Chance of Success: 15%/99%
Bars exist to make profits for sleazy businessmen who wouldn’t think twice about stealing your MedicAlert bracelet and selling it as food to a starving orphan. But the “trickle-down” theory of economics, as I understand it, clearly indicates that the bar owes you a freebie every now and then for being such a loyal customer. Most bartenders are going to disagree with you on this point, but stick to your guns and appeal to their humanity. Surely some of them have to have charitable souls. I can’t say for sure, but I think charity might have some kind of connection to religion. If you can find a religious bartender, push this angle hard. God is practically ordering him to give you a drink, and it’s fire and brimstone if he doesn’t.

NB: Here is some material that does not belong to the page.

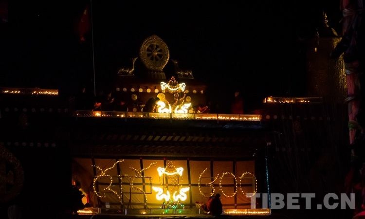 中国西藏网讯 12月21日,藏历十月二十五日,西藏迎来一年一度的传统宗教纪念日——“燃灯日”。与往年不同的是,今年藏历十月二十五日是藏传佛教格鲁派创始人宗喀巴大师圆寂600周年。为了缅怀宗喀巴大师并为众生祈福,大昭寺、甘丹寺、扎什伦布寺等格鲁派寺庙除了像往常一样点燃盏盏酥油灯外,还点亮起“600”字样的明灯。在明灯照耀下,寺庙以及僧俗信教群众的家中,闪烁的酥油灯光连成闪烁的灯河,甚是壮观。(中国西藏网 记者/赵耀 王媛媛)
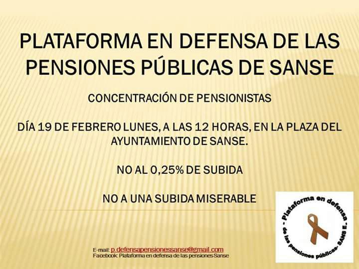 Dentro de pocas horas, el lunes 19 de febrero a las 12,00 de la mañana, en la Plaza de la Constitución del Sanse -Plaza del Ayuntamiento- se convoca a todos los pensionistas, pero también a los que no lo son, y no saben si lo serán, pero que les parece igualmente indignante la subida de un 0,25% de las pensiones, la siembra de duda sobre la pervivencia de jubilaciones públicas, la generación de un empleo precario que no permite vivir ni plantearse un futuro digno y seguro….

If that doesn’t work, put your newfound religious fervor to work at a local church. Now as a fine young mensch, I don’t know exactly how this works, but apparently, communion services include a bit of wine. If you’re Jewish, or Buddhist, or even an atheist, this might be a little conflicting, but the good news is that alcohol consumption is a virtual certainty. If you time it right, you could hit a string of churches in a row and get a really good start to your morning. Just watch out for the pansy sects that serve grape juice.
6) Make your own
Chance of success: 1%
You can always bring some grapes to the bar and hope they’ll ferment over the course of an evening, but I wouldn’t count on it. Try adding some Windex to help it along. If nothing else, you should be able to score some sympathy booze when you’re hospitalized. If not, your stunt is sure to get you invited to Moonshine Day at your local society for drunken cheap retards.